Furthermore, the antibodies or fragments thereof of the present disclosure may be used as conjugates with another substance. Substances that may be used as conjugates with the antibodies or fragments thereof of the present disclosure include therapeutic agents commonly used to treat autoimmune diseases, substances capable of inhibiting FcRn activity, and moieties that physically bind to the antibody to improve its stabilization and/or retention in the circulation (e.g., in serum, lymph or other tissues). For example, an antibody that binds FcRn may be bound to a polymer (e.g., a non-antigenic polymer such as a polyalkylene oxide or polyethylene oxide). The weight of suitable polymers varies widely. Polymers having a number average molecular weight of about 200 to about 35,000 (or about 1,000 to about 15,000 and 2,000 to about 12,500) may be used. For example, antibodies that bind FcRn may be conjugated to water-soluble polymers, e.g., hydrophilic polyethylene polymers, such as polyvinyl alcohol and polyvinylpyrrolidone. A non-limiting list of such polymers includes, but is not limited to, polyalkylene oxide homopolymers such as polyethylene glycol (PEG) or polypropylene glycol, polyoxyethylated polyols, copolymers thereof, and block copolymers thereof, provided that the water solubility of the block copolymer is maintained.

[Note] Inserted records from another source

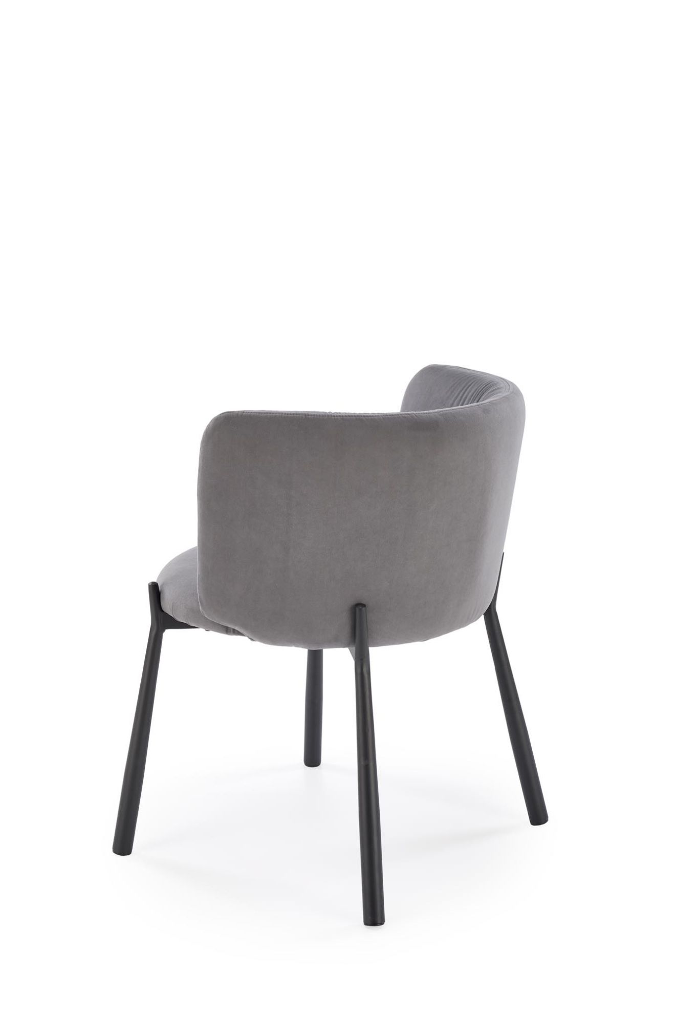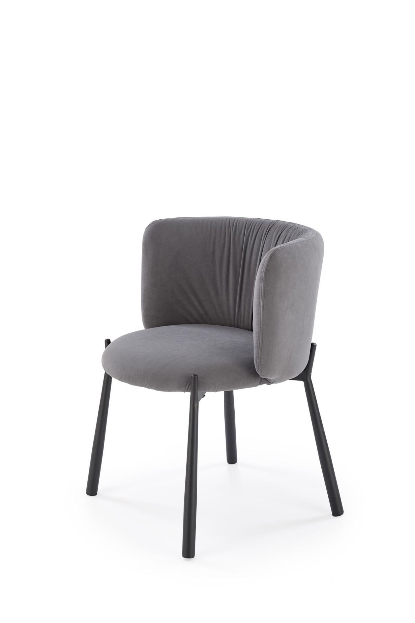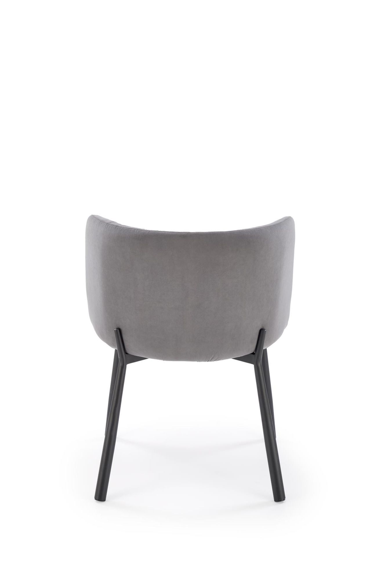 Siedzisko i oparcie krzesła są obite miękką i luksusową tkaniną velvet w eleganckim popielatym kolorze MAVEL#14, który dodaje wnętrzu ciepła i przytulności. Nogi krzesła wykonane są ze stali malowanej proszkowo, co gwarantuje trwałość i stabilność, a także nowoczesny wygląd.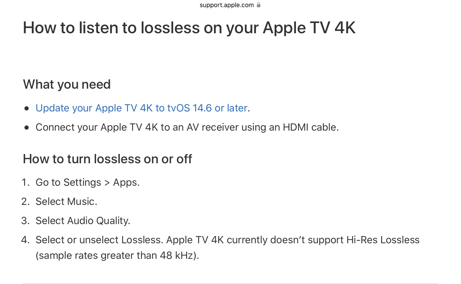 I am using the Lightning Digital AV Adapter (model A-1438) to connect Apple Music to my home hifi system. I plug my iPhone/iPod Touch into the HDMI input of the main amplifier by this adapter and the sound plays in the loudspeakers. However, I don't know if when I choose to stream Hi-Res audio (48b/192kHz) if it is transferred in this quality by the A-1438 adapter further to the amplifier? Does this Lightning Digital AV Adaptor supports Hi-Res audio? HDMI signal does support 48k/192kHz PCM in principle. This is the way, how to listen the Hi-Res music by the home high-end sound system.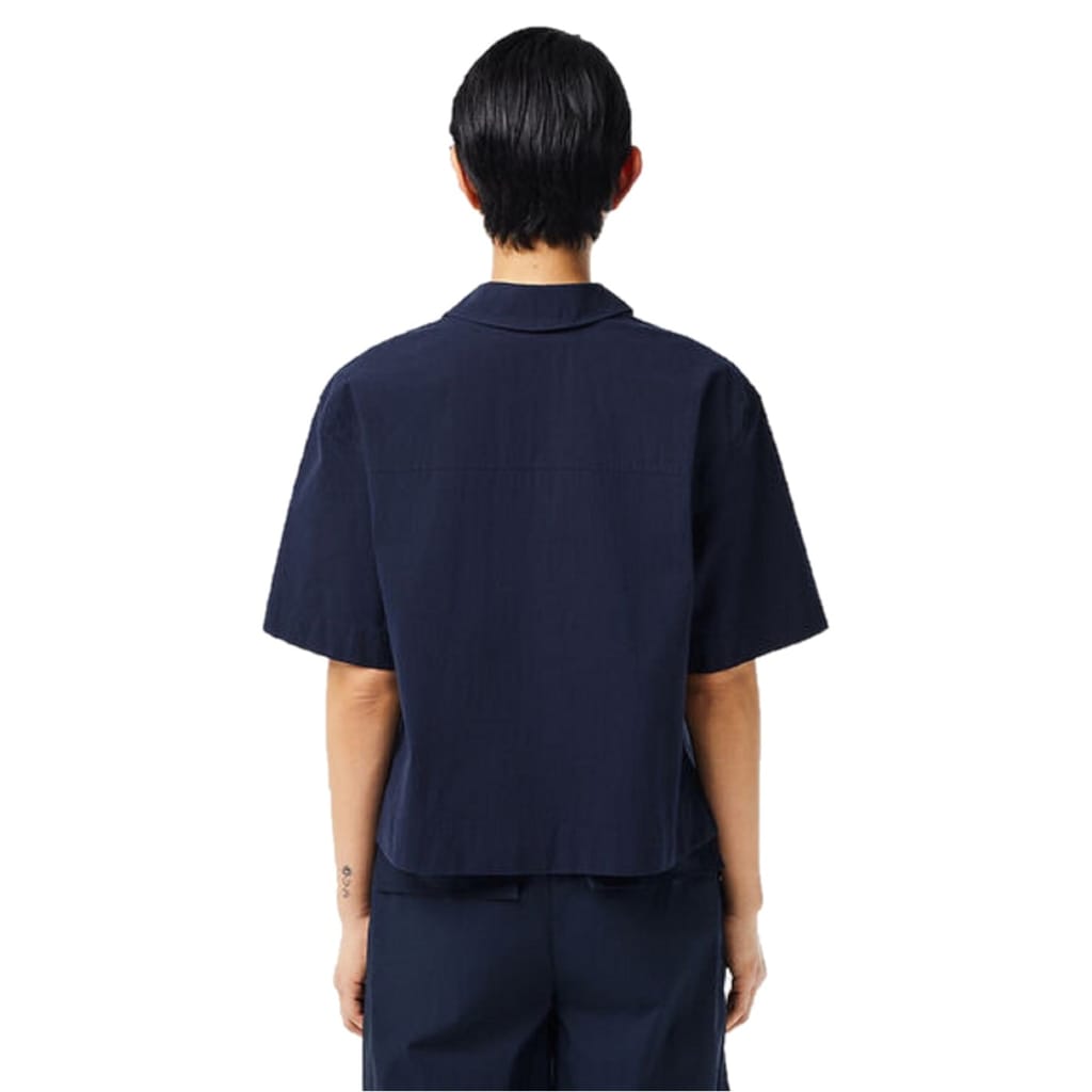 This Lacoste top is a casual essential, featuring a solid pattern and a relaxed fit. It comes with a shirt collar and short sleeves, offering a comfortable and stylish look. The button closure adds a classic touch, while the logo embellishment subtly showcases the brand's identity. -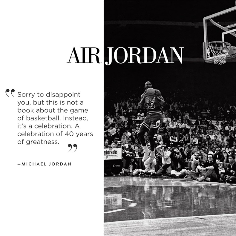这不是一本关于篮球的书,也不是迈克尔·乔丹的传记。它是获得授权的专著,旨在庆祝迈克尔·乔丹与乔丹品牌长达40年的合作关系——这一传奇故事超越了体育本身。
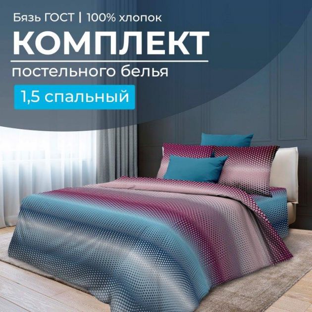 1,5-спальное постельное белье из бязи ГОСТ. Это очень плотная, лощёная ткань. Она имеет большой срок службы и проста в уходе. Качество рисунков, детализация и глубина тонов обеспечены современными техниками нанесения принтов на полотна.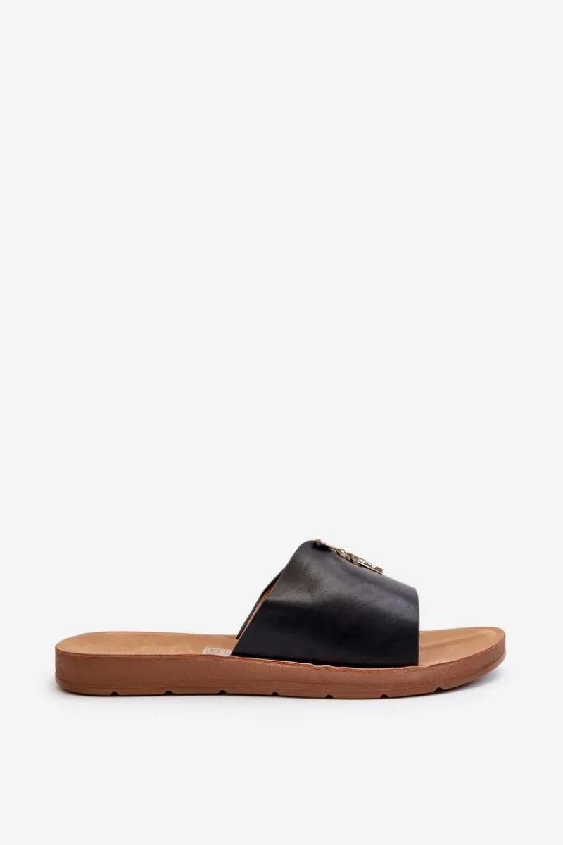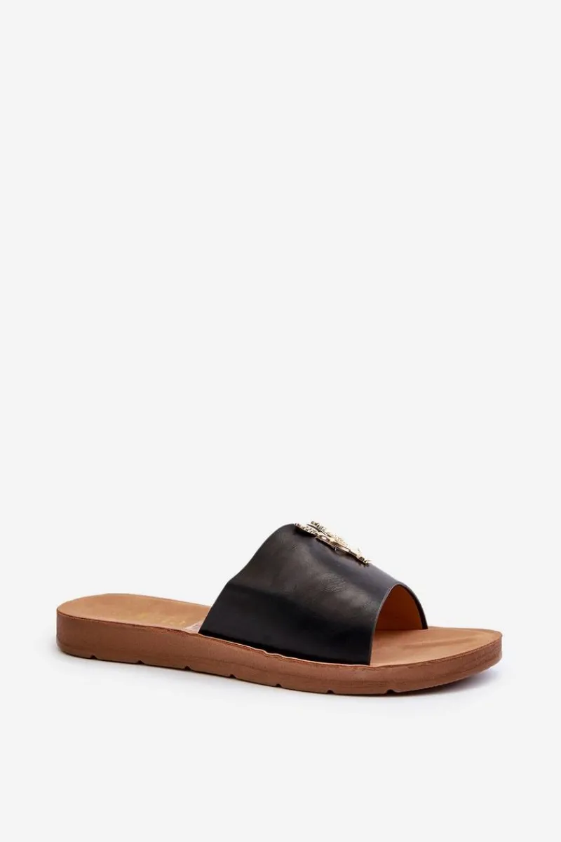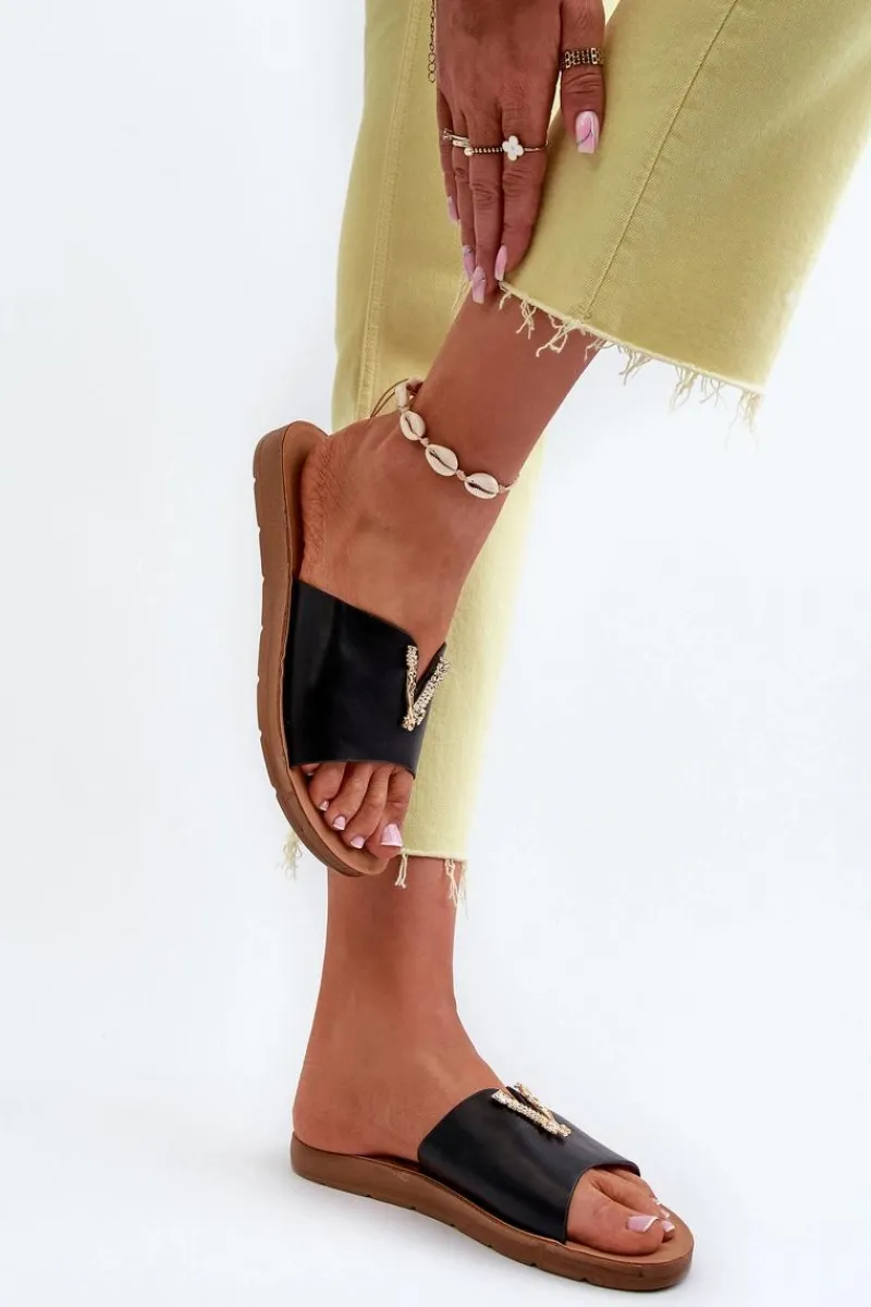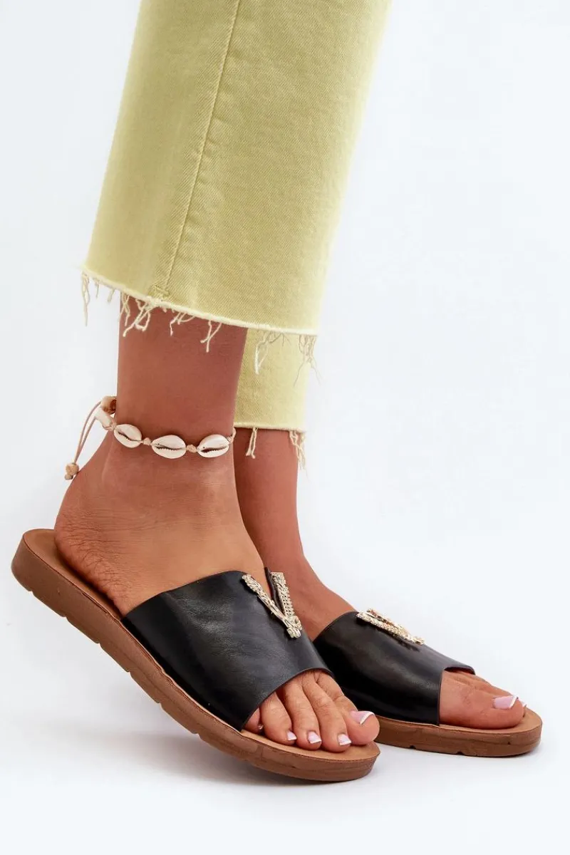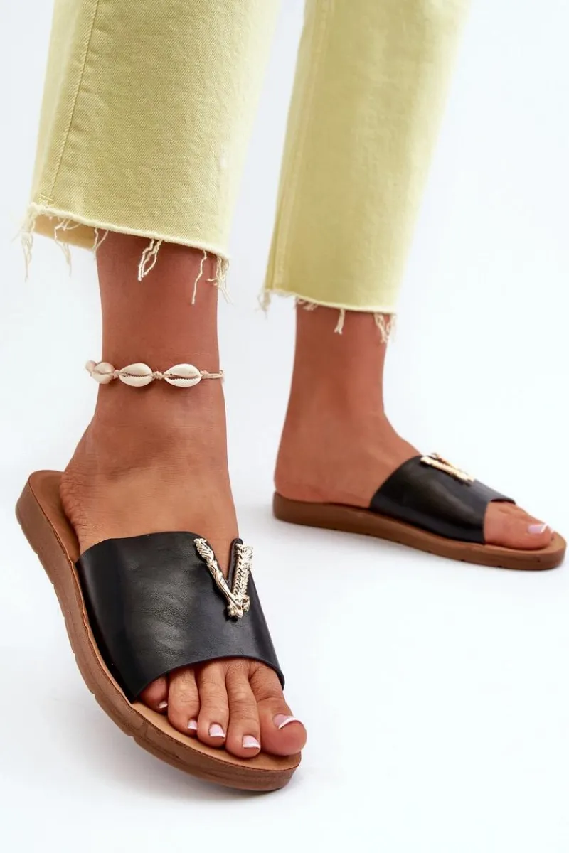Klapki damskie wykonane ze skóry ekologicznej. Osadzone na płaskiej podeszwie. Złota ozdoba dodaje im subtelnej elegancji, dzięki czemu świetnie sprawdzą się zarówno na codzienne spacery, jak i na letnie wyjścia. To idealne obuwie na ciepłe letnie dni! Przy wyborze rozmiaru prosimy sugerować się tabelą rozmiarów.

In another embodiment, the present disclosure relates to a pharmaceutical composition for treating an autoimmune disease, the pharmaceutical composition comprising an anti-FcRn antibody and one or more pharmaceutically acceptable carriers. In addition, the present disclosure also relates to a method of treating an autoimmune disease, the method comprising administering to a patient in need thereof an effective amount of an antibody that specifically binds to FcRn.

The pharmaceutical compositions may comprise pharmaceutically acceptable carriers, excipients, and the like, as are well known in the art. The pharmaceutically acceptable carrier should be compatible with the active ingredient, such as an antibody or fragment thereof of the present disclosure and may be physiological saline, sterile water, ringer's solution, buffered saline, dextrose solution, maltodextrin solution, glycerol, ethanol, or a mixture of two or more thereof. In addition, the pharmaceutical compositions of the present disclosure may contain other conventional additives including antioxidants, buffers, and bacteriostats, if desired. In addition, the pharmaceutical compositions of the present disclosure may be formulated in injectable form, such as aqueous solutions, suspensions or emulsions, with the aid of diluents, dispersants, surfactants, binders and lubricants. Furthermore, the pharmaceutical compositions of the present disclosure may be provided by formulation into various forms such as powders, tablets, capsules, liquids, injections, ointments, syrups, and the like, as well as single or multi-dose containers such as sealed ampoules or vials.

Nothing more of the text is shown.